---------- Dataset content ----------

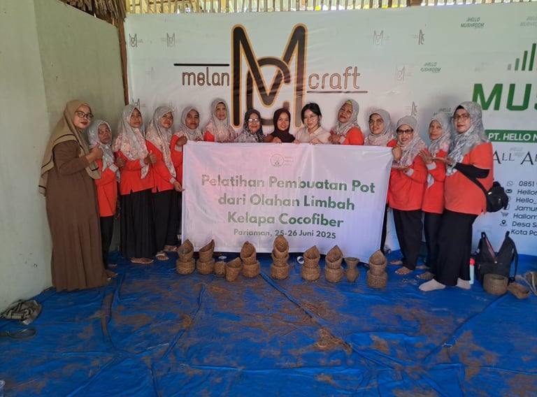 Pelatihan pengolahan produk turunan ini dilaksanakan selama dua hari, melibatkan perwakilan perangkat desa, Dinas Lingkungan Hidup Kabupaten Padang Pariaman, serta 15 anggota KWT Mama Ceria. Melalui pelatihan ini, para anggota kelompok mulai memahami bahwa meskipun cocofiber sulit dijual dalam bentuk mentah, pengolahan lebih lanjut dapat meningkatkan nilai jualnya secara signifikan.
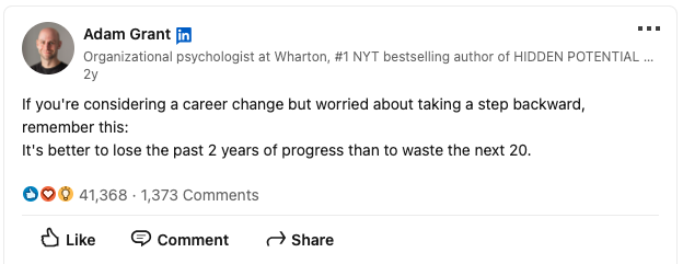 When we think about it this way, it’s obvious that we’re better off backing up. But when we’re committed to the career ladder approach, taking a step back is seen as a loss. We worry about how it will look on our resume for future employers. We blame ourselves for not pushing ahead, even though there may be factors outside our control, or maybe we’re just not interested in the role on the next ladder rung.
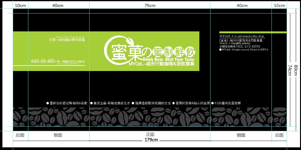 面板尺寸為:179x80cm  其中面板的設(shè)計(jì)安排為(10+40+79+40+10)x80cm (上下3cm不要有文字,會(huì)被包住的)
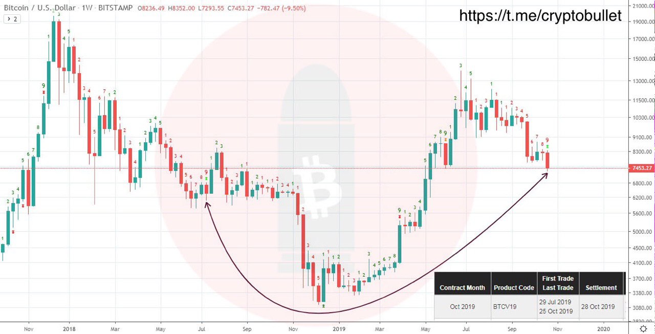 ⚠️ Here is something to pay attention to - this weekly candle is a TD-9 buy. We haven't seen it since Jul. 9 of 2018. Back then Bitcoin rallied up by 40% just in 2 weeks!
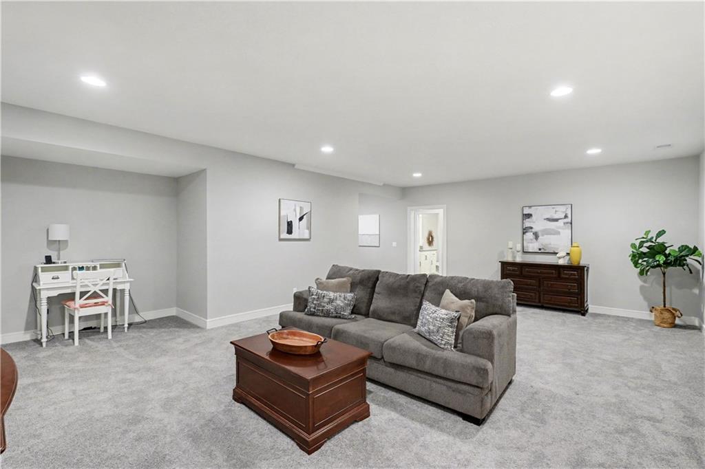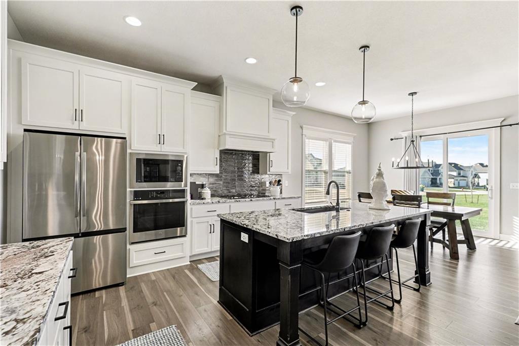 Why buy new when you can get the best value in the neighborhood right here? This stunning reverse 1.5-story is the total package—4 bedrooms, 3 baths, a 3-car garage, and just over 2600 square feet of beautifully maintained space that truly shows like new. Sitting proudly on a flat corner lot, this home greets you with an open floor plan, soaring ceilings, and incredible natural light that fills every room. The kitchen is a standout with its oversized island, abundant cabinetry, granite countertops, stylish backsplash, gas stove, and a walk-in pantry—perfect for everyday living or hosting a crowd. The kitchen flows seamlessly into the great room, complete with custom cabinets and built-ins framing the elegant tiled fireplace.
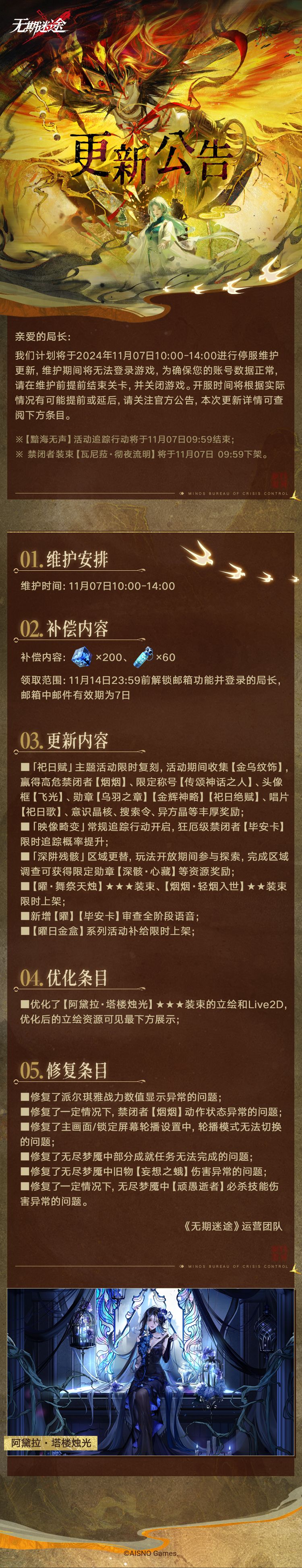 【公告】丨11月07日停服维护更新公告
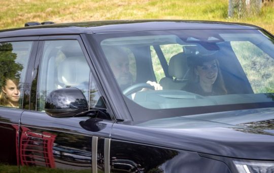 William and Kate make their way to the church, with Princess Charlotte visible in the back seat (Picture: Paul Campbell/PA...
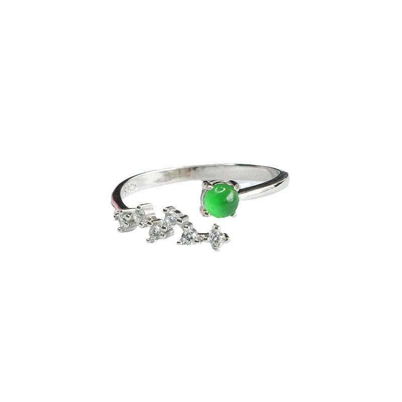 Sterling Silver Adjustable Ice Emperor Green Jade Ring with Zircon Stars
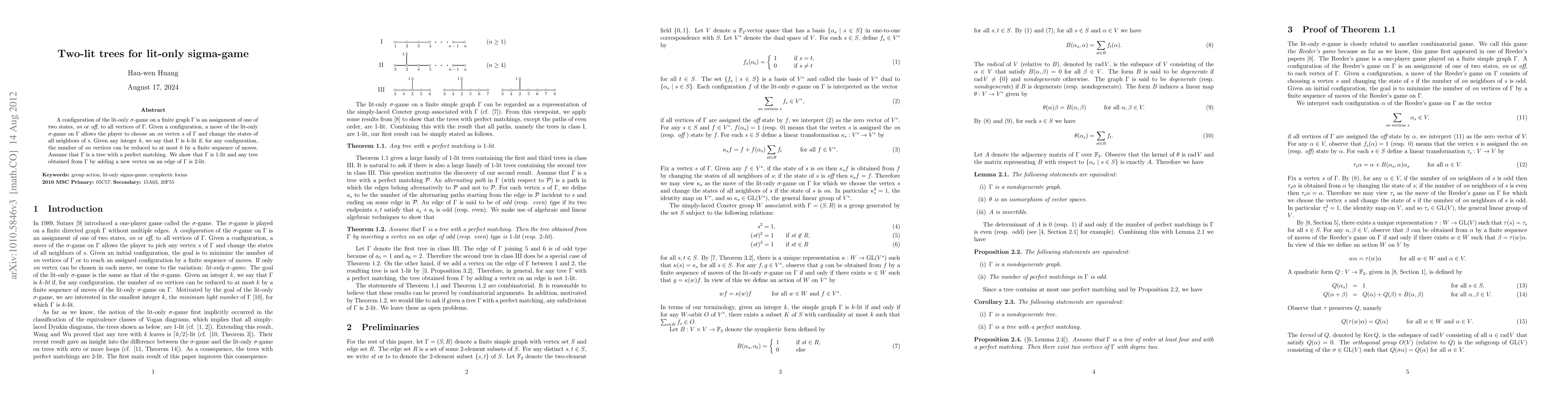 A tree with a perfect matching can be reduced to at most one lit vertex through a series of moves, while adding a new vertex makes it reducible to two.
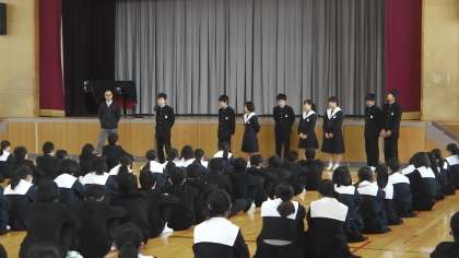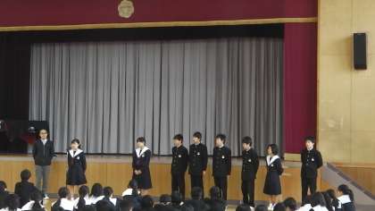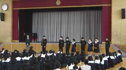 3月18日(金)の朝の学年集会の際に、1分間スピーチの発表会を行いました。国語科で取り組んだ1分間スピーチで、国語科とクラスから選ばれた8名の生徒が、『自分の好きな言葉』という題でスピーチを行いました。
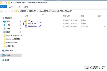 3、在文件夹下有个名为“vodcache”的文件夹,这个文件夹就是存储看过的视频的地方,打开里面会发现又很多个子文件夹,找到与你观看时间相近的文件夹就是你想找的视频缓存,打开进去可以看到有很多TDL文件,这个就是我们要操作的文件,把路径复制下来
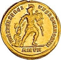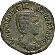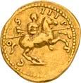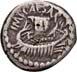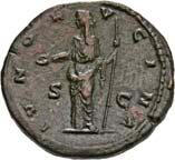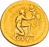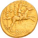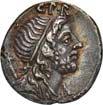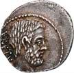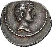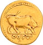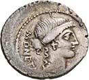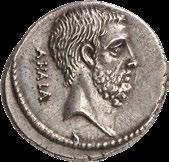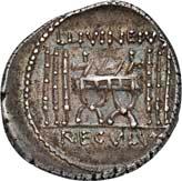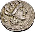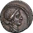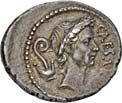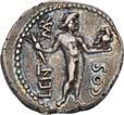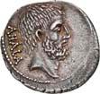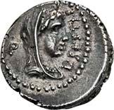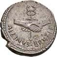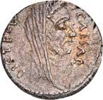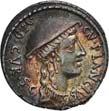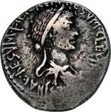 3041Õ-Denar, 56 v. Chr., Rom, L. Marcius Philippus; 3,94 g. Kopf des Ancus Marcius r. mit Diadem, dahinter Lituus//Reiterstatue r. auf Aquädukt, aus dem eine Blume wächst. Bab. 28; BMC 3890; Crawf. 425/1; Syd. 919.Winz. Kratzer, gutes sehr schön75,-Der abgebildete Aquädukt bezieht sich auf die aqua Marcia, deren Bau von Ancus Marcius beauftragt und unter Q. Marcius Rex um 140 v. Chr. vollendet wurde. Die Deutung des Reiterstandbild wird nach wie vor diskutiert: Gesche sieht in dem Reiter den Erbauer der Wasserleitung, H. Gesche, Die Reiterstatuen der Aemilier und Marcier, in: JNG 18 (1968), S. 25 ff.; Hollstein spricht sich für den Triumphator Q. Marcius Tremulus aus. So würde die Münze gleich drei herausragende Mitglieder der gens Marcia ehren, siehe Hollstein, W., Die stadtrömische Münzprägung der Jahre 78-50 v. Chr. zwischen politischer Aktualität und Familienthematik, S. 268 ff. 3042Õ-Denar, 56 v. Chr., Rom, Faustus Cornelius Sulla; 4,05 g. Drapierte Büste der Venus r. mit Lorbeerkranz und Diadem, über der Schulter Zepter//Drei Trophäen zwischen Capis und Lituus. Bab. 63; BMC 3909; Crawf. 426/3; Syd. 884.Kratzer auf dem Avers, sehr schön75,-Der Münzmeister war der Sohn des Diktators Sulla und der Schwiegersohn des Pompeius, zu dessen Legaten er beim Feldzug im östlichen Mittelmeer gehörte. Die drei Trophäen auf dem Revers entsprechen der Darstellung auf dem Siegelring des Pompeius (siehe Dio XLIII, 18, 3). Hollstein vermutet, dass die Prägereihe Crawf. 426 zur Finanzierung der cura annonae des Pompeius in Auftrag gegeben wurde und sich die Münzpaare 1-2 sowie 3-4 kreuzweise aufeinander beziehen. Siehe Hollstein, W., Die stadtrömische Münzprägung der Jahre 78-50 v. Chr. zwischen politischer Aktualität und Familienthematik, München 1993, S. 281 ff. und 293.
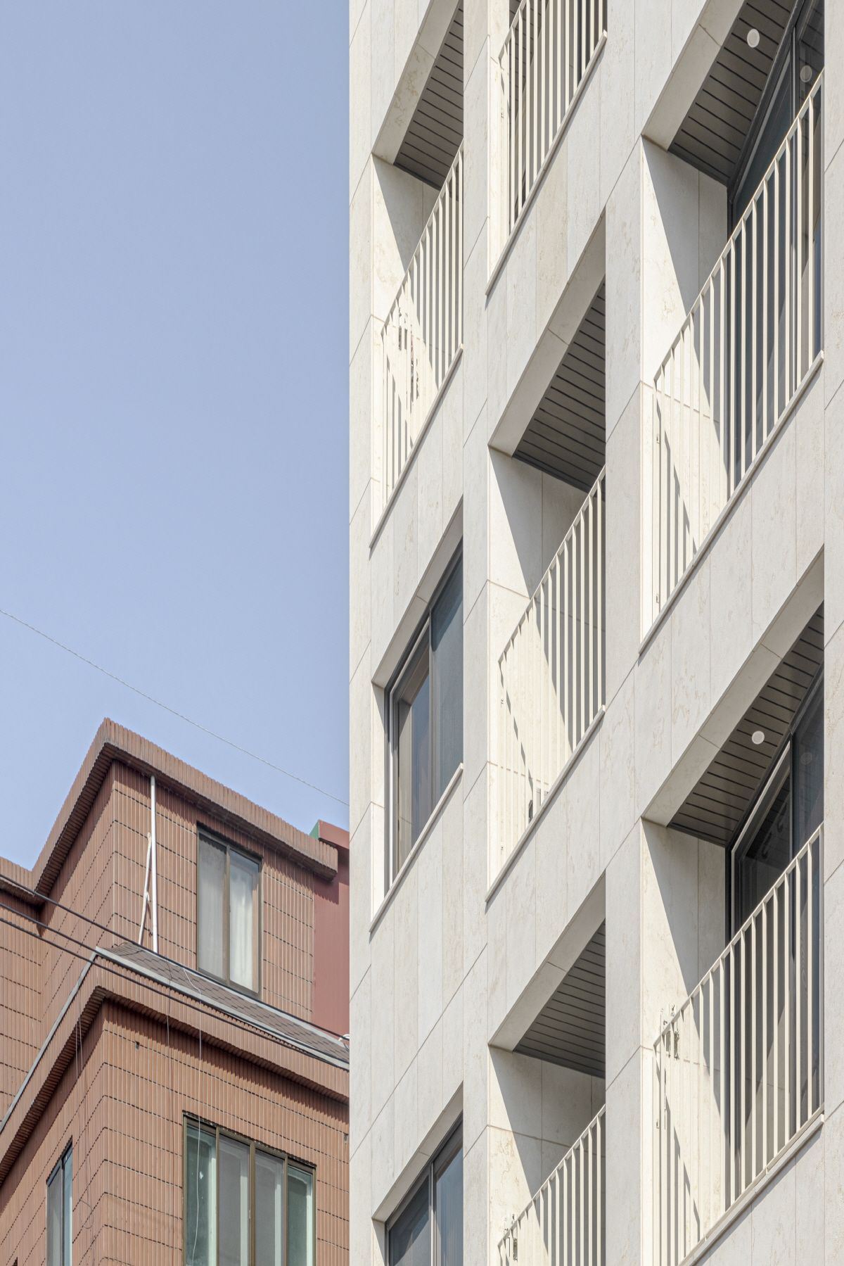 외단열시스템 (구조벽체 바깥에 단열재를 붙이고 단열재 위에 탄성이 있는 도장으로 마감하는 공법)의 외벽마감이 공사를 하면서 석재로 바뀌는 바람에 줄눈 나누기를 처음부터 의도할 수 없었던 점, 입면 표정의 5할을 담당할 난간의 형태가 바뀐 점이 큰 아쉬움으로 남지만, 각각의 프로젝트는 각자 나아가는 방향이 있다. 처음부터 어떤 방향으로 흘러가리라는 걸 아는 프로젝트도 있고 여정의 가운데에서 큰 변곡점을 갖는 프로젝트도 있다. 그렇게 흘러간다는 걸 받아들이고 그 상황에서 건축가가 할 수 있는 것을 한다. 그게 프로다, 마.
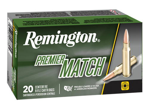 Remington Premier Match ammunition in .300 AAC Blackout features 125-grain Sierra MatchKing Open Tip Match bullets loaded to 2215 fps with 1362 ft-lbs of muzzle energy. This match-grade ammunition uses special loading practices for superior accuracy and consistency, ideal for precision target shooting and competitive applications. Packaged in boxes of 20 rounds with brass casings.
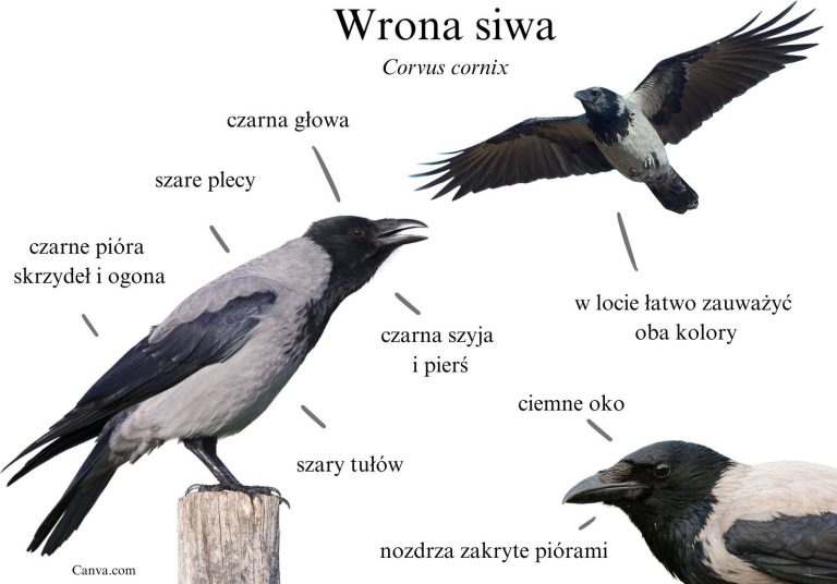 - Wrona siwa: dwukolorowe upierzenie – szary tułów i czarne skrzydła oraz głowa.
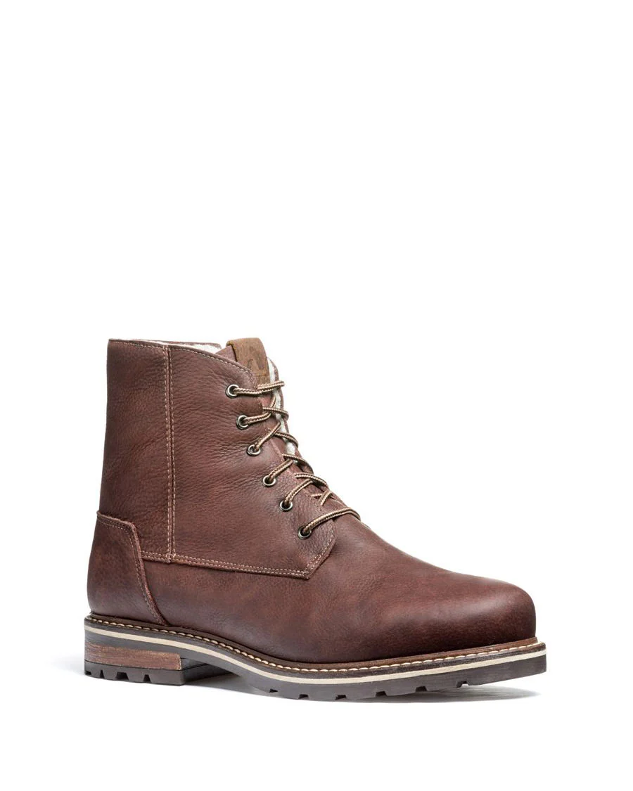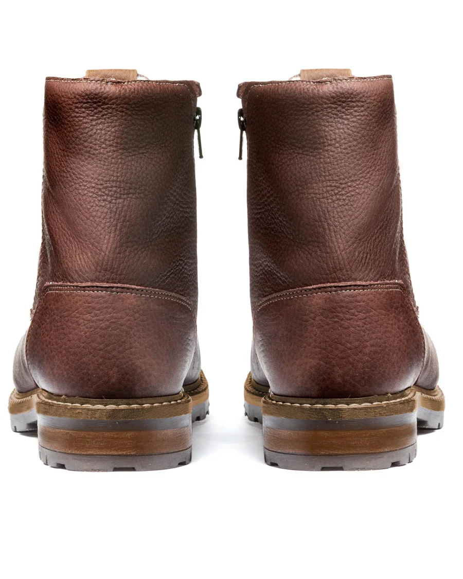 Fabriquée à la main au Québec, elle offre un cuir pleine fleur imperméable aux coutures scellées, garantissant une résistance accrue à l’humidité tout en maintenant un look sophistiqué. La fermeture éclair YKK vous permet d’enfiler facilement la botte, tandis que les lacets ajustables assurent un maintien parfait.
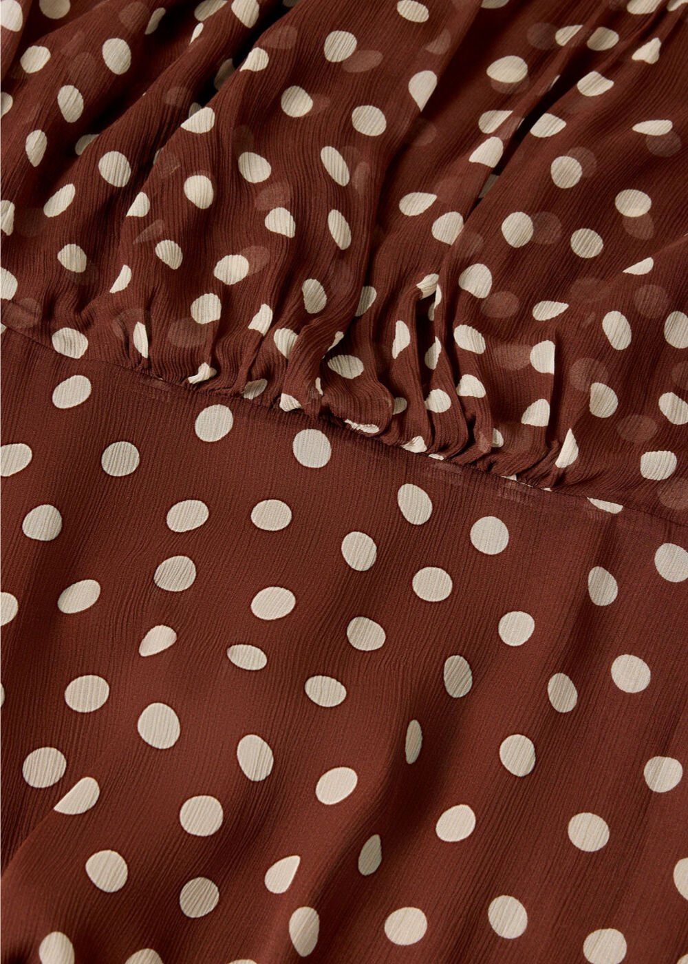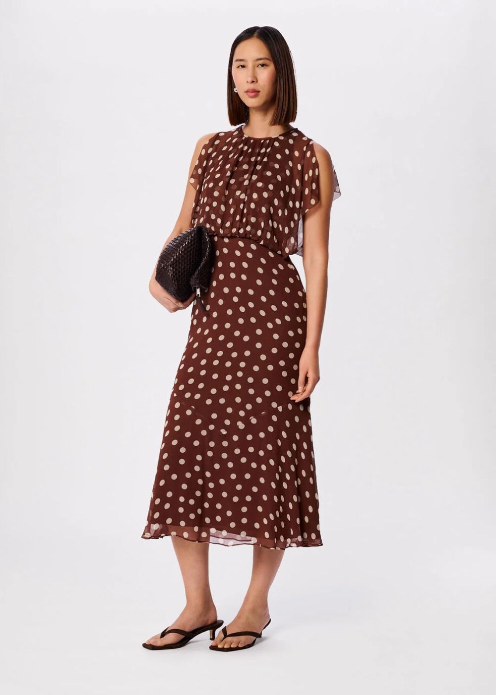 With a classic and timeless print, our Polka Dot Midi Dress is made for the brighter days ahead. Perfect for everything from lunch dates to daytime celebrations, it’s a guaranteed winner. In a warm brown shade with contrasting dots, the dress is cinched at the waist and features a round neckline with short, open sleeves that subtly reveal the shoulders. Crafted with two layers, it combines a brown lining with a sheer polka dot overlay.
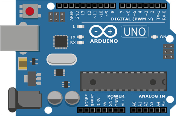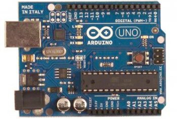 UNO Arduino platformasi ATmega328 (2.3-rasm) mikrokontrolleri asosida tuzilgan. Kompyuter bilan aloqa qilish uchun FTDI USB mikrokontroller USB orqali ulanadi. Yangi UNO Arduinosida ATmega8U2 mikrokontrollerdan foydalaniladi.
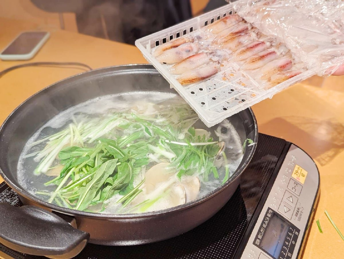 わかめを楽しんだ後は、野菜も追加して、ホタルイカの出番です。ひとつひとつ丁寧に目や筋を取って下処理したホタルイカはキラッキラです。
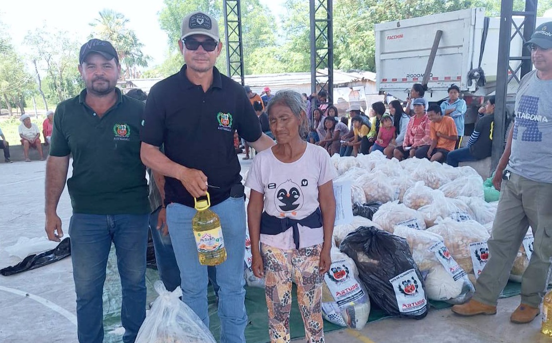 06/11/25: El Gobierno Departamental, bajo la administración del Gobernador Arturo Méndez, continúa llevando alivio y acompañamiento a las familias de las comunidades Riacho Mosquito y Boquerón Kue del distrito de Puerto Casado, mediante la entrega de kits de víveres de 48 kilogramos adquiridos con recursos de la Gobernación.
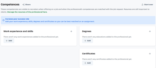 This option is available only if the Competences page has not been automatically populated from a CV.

----------

Copy out the lines above from the line containing "외단열시스템 (구조벽체 바깥에" through the line containing "With a classic", exactly, and keep the pictures out.

Result of the task:
 외단열시스템 (구조벽체 바깥에 단열재를 붙이고 단열재 위에 탄성이 있는 도장으로 마감하는 공법)의 외벽마감이 공사를 하면서 석재로 바뀌는 바람에 줄눈 나누기를 처음부터 의도할 수 없었던 점, 입면 표정의 5할을 담당할 난간의 형태가 바뀐 점이 큰 아쉬움으로 남지만, 각각의 프로젝트는 각자 나아가는 방향이 있다. 처음부터 어떤 방향으로 흘러가리라는 걸 아는 프로젝트도 있고 여정의 가운데에서 큰 변곡점을 갖는 프로젝트도 있다. 그렇게 흘러간다는 걸 받아들이고 그 상황에서 건축가가 할 수 있는 것을 한다. 그게 프로다, 마.
 Remington Premier Match ammunition in .300 AAC Blackout features 125-grain Sierra MatchKing Open Tip Match bullets loaded to 2215 fps with 1362 ft-lbs of muzzle energy. This match-grade ammunition uses special loading practices for superior accuracy and consistency, ideal for precision target shooting and competitive applications. Packaged in boxes of 20 rounds with brass casings.
 - Wrona siwa: dwukolorowe upierzenie – szary tułów i czarne skrzydła oraz głowa.
 Fabriquée à la main au Québec, elle offre un cuir pleine fleur imperméable aux coutures scellées, garantissant une résistance accrue à l’humidité tout en maintenant un look sophistiqué. La fermeture éclair YKK vous permet d’enfiler facilement la botte, tandis que les lacets ajustables assurent un maintien parfait.
 With a classic and timeless print, our Polka Dot Midi Dress is made for the brighter days ahead. Perfect for everything from lunch dates to daytime celebrations, it’s a guaranteed winner. In a warm brown shade with contrasting dots, the dress is cinched at the waist and features a round neckline with short, open sleeves that subtly reveal the shoulders. Crafted with two layers, it combines a brown lining with a sheer polka dot overlay.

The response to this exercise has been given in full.